Ever since the Giro d’Italia announced that it was moving its Grand Partenza to the southern island of Sicily, I knew I would be at there. Sure I liked the original idea of starting in Budapest, but I love Sicily. And from a photographer’s perspective, what a start it was, with Stage 1 starting at on the hills of Palermo in Monreale, a splendid town, home to a pristine Norman cathedral that is today a UNESCO Heritage site, while Stage 2 finishes at the Valley of the Temples in Agrigento and Stage 3 on the mythic Mont Etna.
But while I have had the chance to visit the Greek temples on several occasions as well as Etna, I had never been to Monreale and was only too eager.
Arriving in Palermo on Friday before the race, I immediately drove up to the start as I understood that the ancient town would be covered with narrow cobbled streets that would be hard to negotiate on race day and it was best to get a lay of the land ahead of time.
Driving up the steep pitches I immediately noticed the nave with its intricate design that reflects its Middle Eastern influences. Would the riders have time to look around as they punched up the final pitches of this climb into the town? Probably not, but I knew it would make for a good backdrop.
Once at the town square, I was impressed by the symmetrical gallery that laced one side of the square. Obviously the repeating arches of the hallway here, would provide a natural frame for certain riders. And as I left town, the deep-plunging perspective overlooking Palermo and the Mediterranean Sea offered a clear option.
It was going to be a good day!
That said, race day is always different. The mid-day lighting was unconvincing, and I was troubled by the overnight addition of barriers and banners. But I also knew that I would have ample opportunities.
Crowds were thick on the climb, and provided a perfect frame for a classic action shot as the riders crested the final pitches. But I was also intrigued by the rhythms in the stonework and often found myself lying on the ground to maximize my frame.
At one point I moved to the town square as I waited for Australian Rohan Dennis, one of the pre-race favorites. But while I liked the frame, I found it a little too clean, and soon moved on.
The descent also was appealing, but finding a proper vantage point proved unconvincing. Standing on a couple of large-scale flower pots I managed to get above the riders and capture our height over Palermo. But the pots were far from stable and I understood that I couldn’t remain there long.
So soon enough, it was back to the climb, as I waited for the favorites. Three-time world time trial champion Tony Martin looked great as he crested the climb as he is always projects a mix of power and elegance. But it was clear that recently crowned world champion Filippo Ganna was having a great ride as he powered over the climb, and it was no surprise to hear that he would go on to post the winning time.

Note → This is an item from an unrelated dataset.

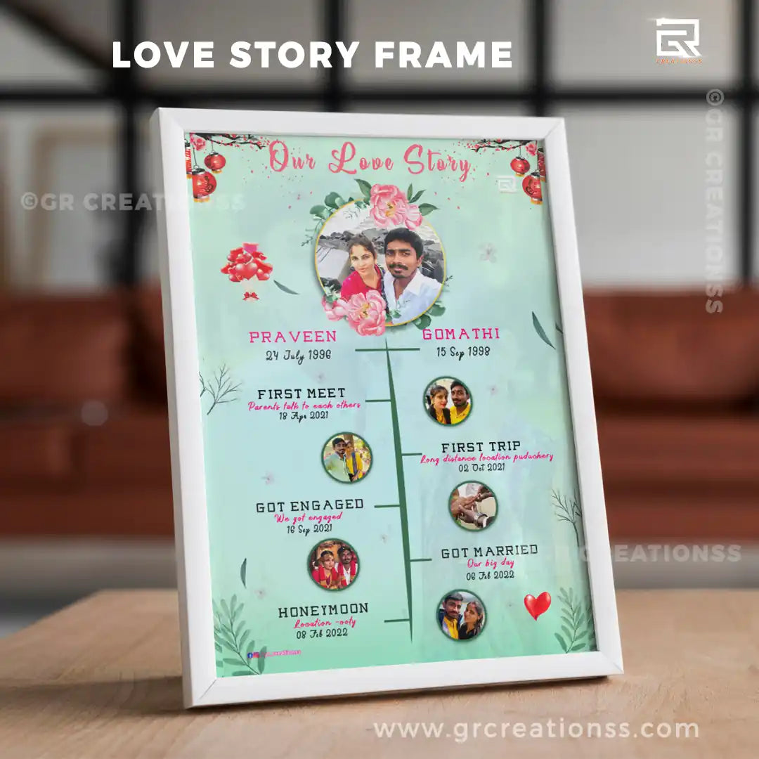 Each romantic journey is a one-of-a-kind tale of love. Immortalize your story with a personalized love story frame that encapsulates all your precious moments in a single, unique design. Showcase your cherished memories with photos and dates that have special meaning to you and your partner.

But while I liked the classic shot of him on the climb, in the end I preferred the more subdued view against the back of the Cathedral. His rainbow-stripped world champion skinsuit stood out against the intricate stonework while a a peak of light coming through the tunnel on the edge of the frame, gives us a clue as to where he was going.
Ganna of course was met with thundering cheers. But he was no match for local favorite Giovanni Visconti. His fan club was on hand at the top of the climb along with local fans of all ages. And nothing short of pandemonium broke out as this otherwise modest rider powered over the climb. Cameras were out. Fans screamed. And some even took up chase. For in their eyes, he was the star of the day.
And what a great day it was at Monreale. What a great way to finally start this year’s Giro d’Italia!